Is WebGPU faster than WebAssembly for summarization?
Yes, often dramatically so. WebGPU offloads the matrix multiplications that dominate transformer inference to your discrete or integrated GPU, yielding multi-times speedups versus the SIMD-WebAssembly CPU backend. This tool tries WebGPU first and shows a 'Running on WebGPU' badge when it succeeds. WebGPU needs a recent browser (Chrome 113+, Edge, Safari 18+, recent Firefox) and a compatible GPU driver. If WebGPU is unavailable, the tool automatically falls back to WebAssembly with SIMD and multithreading (the 'Running on CPU (WASM)' badge) — slower but works on every modern browser, and still fully on-device.

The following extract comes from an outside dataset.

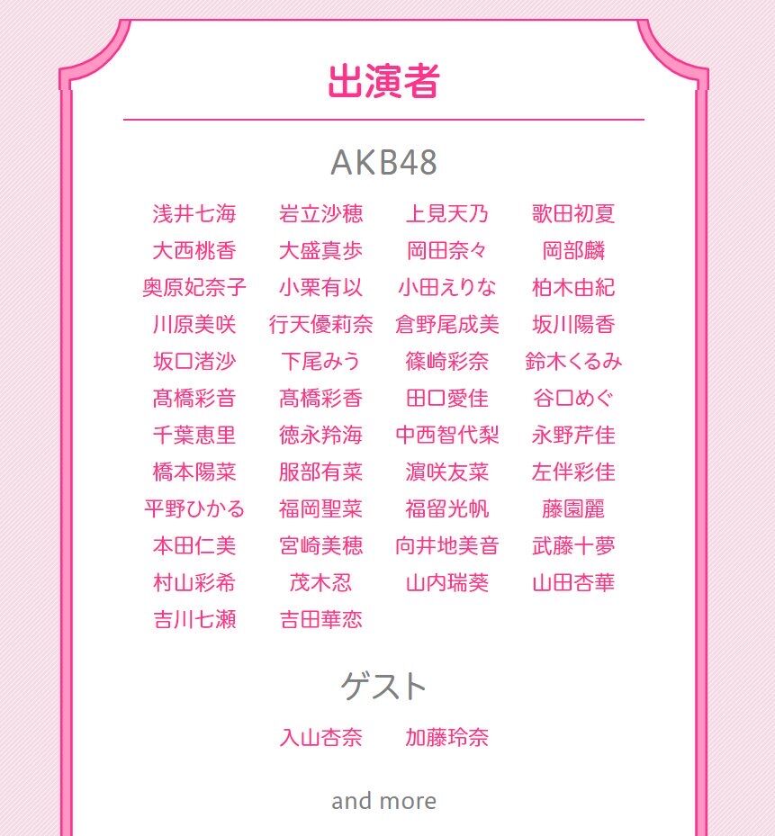 浅井七海、岩立沙穂、大盛真歩、岡田奈々、柏木由紀、篠崎彩奈、鈴木くるみ、田口愛佳、谷口めぐ

What is INT8 quantization and does it hurt quality?
Quantization stores each model weight as an 8-bit integer (256 possible values) instead of a 32-bit float. It cuts the download size by about 4x and speeds up CPU inference by 2-4x because INT8 arithmetic uses fewer cycles and packs more values per SIMD register. For summarization, INT8 typically costs only 1-3 ROUGE points versus FP32 — usually invisible in the output. That is why we ship the INT8 ONNX build of distilbart-cnn-6-6 by default: about 60 MB to download, fast to run, and easy to cache for repeat use. ONNX Runtime Web handles INT8 dequantization on the fly.